• _WHAT IS BEING ASKED_: Unless a line falls after the one with "10月25日下午,江捍平博士", retype it exactly from the records below; leave out all pictures.

Saved entries:
-- Opening Marker --

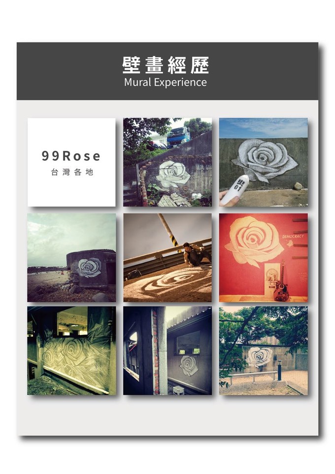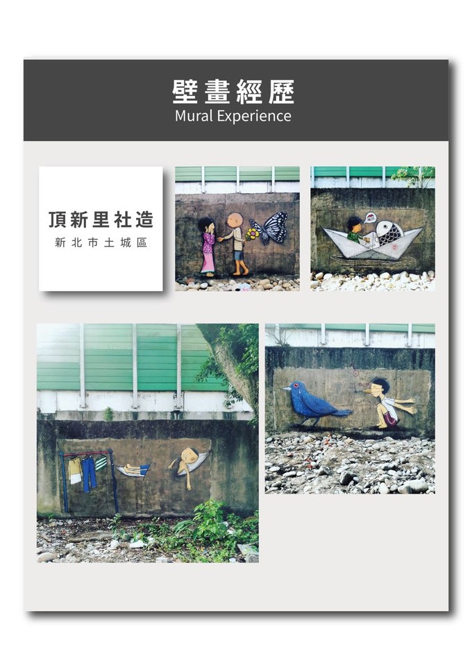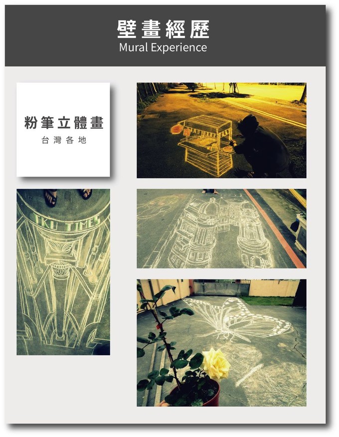 專長于粉筆立體設計、街頭塗鴉、插畫設計、廢棄物改造、平面設計、服裝噴製。
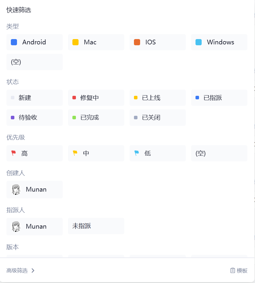 过滤器是一种可以通过自定义条件来筛选项目信息的工具。在Tracup中,用户可以通过过滤器按照各种维度来筛选所需的信息。以下是一些常用的过滤器:
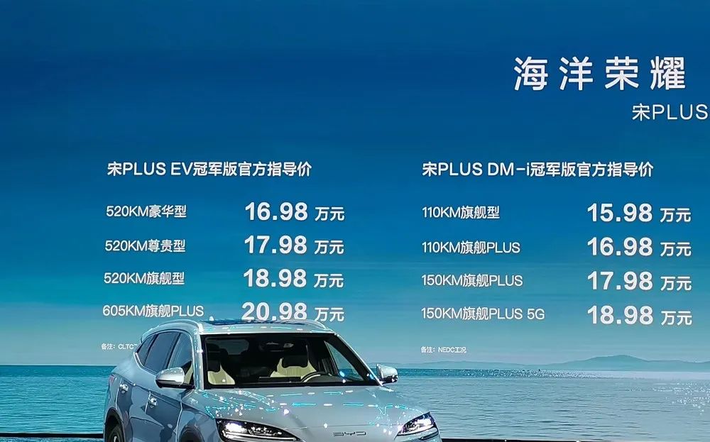 刚刚,比亚迪宋PLUS 冠军版正式上市!纯电版本售价16.98~20.98万元,DM-i版本售价15.98~18.98万元,比预售价格都降低1万元!
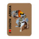 Ich liebe Südafrika! Es ist ein wunderschönes Land voller lebendiger Kultur, atemberaubender Landschaften und einer einzigartigen Mischung von Menschen. Von den majestätischen Sanddünen der Kalahari bis hin zu den atemberaubenden Drakensbergen strahlt Südafrika mit natürlicher Schönheit aus. Es ist auch Zuhause zu vielen herrlichen Nationalparks, atemberaubende Tierwelt und eine Fülle von Aktivitäten im Freien. Vom Surfen in Durban bis zum Spielen im Krüger Nationalpark bietet Südafrika für jeden etwas. Dieses Design wird von der südafrikanischen Landkarte inspiriert und enthält Fotos von Löwen, Aloes, Giraffen, Zebras und Elefanten, die alle die Kontur bilden.
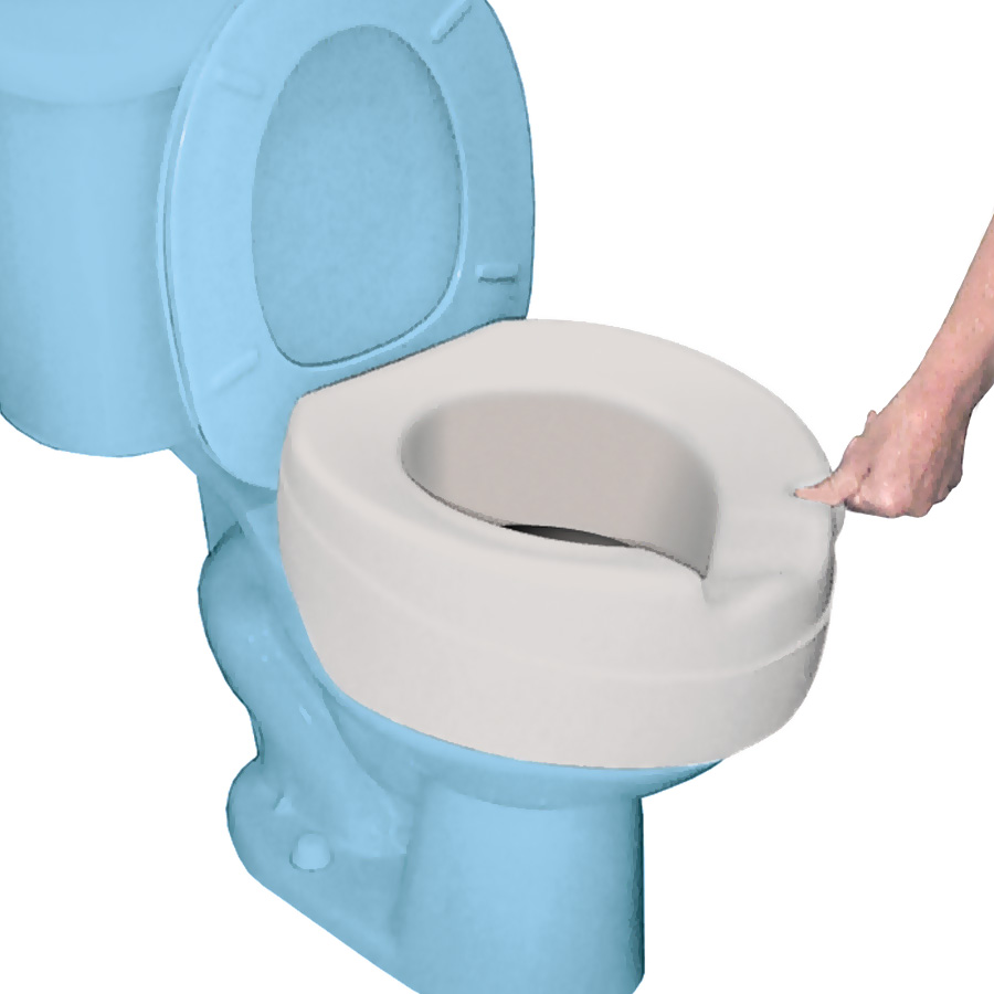 A soft toilet seat for those that need relief from pain. It attaches to toilet bowls by compression, providing warm, soft, padded comfort. In most situations the existing toilet seat can be lifted up to remain installed. The seat is pressed down and onto the bowl and easily lifts off again.
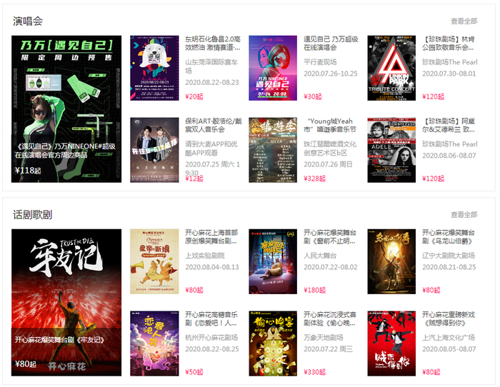 并非依赖电影业务的大麦网、摩天轮等平台的难处则在另一阶段。大麦网首页上主推的是海报音乐节、乃万超级在线演唱会、李智与乐队2020巡演等演唱会;摩天轮则是悬疑音乐剧《Flames火焰》、“六六”喜剧脱口秀、明天的盐《灯和蓝》2020全国巡演等演出;西十区是已经结束的2020梁静茹世界巡回演唱会上海站、话剧《上海屋檐下》。
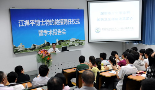 10月25日下午,江捍平博士特約教授聘任儀式暨學(xué)術(shù)報告會在醫(yī)學(xué)院108室舉行。深圳市委衛(wèi)生工委書記,市衛(wèi)生和人口計劃生育委員會黨組書記、主任,深圳大學(xué)醫(yī)學(xué)院學(xué)術(shù)委員會委員江捍平,校長章必功,南山區(qū)人民醫(yī)院院長張德仁,羅湖區(qū)人民醫(yī)院院長葉平,深圳大學(xué)第一附屬醫(yī)院副院長王大平及醫(yī)學(xué)院全體師生參加了聘任儀式。 章必功向江捍平博士頒發(fā)聘書并致辭。他對江博士受聘為我校特約教授表示感謝。他說,...
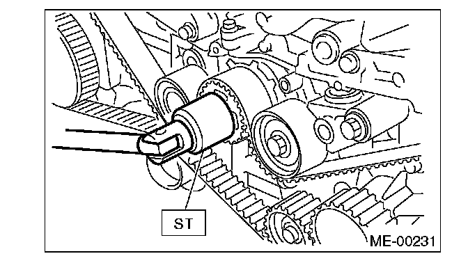 1. Use the ST to turn crankshaft. Align the mark (a) of sprocket to the cylinder block notch (b), and then ensure the right side cam sprocket mark (c), cam cap and cylinder head matching surface (d) or left side cam sprocket mark (e), timing belt cover notch (f) are properly adjusted.

-- Closing Marker --

• _SOLUTION_:
 專長于粉筆立體設計、街頭塗鴉、插畫設計、廢棄物改造、平面設計、服裝噴製。
 过滤器是一种可以通过自定义条件来筛选项目信息的工具。在Tracup中,用户可以通过过滤器按照各种维度来筛选所需的信息。以下是一些常用的过滤器:
 刚刚,比亚迪宋PLUS 冠军版正式上市!纯电版本售价16.98~20.98万元,DM-i版本售价15.98~18.98万元,比预售价格都降低1万元!
 Ich liebe Südafrika! Es ist ein wunderschönes Land voller lebendiger Kultur, atemberaubender Landschaften und einer einzigartigen Mischung von Menschen. Von den majestätischen Sanddünen der Kalahari bis hin zu den atemberaubenden Drakensbergen strahlt Südafrika mit natürlicher Schönheit aus. Es ist auch Zuhause zu vielen herrlichen Nationalparks, atemberaubende Tierwelt und eine Fülle von Aktivitäten im Freien. Vom Surfen in Durban bis zum Spielen im Krüger Nationalpark bietet Südafrika für jeden etwas. Dieses Design wird von der südafrikanischen Landkarte inspiriert und enthält Fotos von Löwen, Aloes, Giraffen, Zebras und Elefanten, die alle die Kontur bilden.
 A soft toilet seat for those that need relief from pain. It attaches to toilet bowls by compression, providing warm, soft, padded comfort. In most situations the existing toilet seat can be lifted up to remain installed. The seat is pressed down and onto the bowl and easily lifts off again.
 并非依赖电影业务的大麦网、摩天轮等平台的难处则在另一阶段。大麦网首页上主推的是海报音乐节、乃万超级在线演唱会、李智与乐队2020巡演等演唱会;摩天轮则是悬疑音乐剧《Flames火焰》、“六六”喜剧脱口秀、明天的盐《灯和蓝》2020全国巡演等演出;西十区是已经结束的2020梁静茹世界巡回演唱会上海站、话剧《上海屋檐下》。
 10月25日下午,江捍平博士特約教授聘任儀式暨學(xué)術(shù)報告會在醫(yī)學(xué)院108室舉行。深圳市委衛(wèi)生工委書記,市衛(wèi)生和人口計劃生育委員會黨組書記、主任,深圳大學(xué)醫(yī)學(xué)院學(xué)術(shù)委員會委員江捍平,校長章必功,南山區(qū)人民醫(yī)院院長張德仁,羅湖區(qū)人民醫(yī)院院長葉平,深圳大學(xué)第一附屬醫(yī)院副院長王大平及醫(yī)學(xué)院全體師生參加了聘任儀式。 章必功向江捍平博士頒發(fā)聘書并致辭。他對江博士受聘為我校特約教授表示感謝。他說,...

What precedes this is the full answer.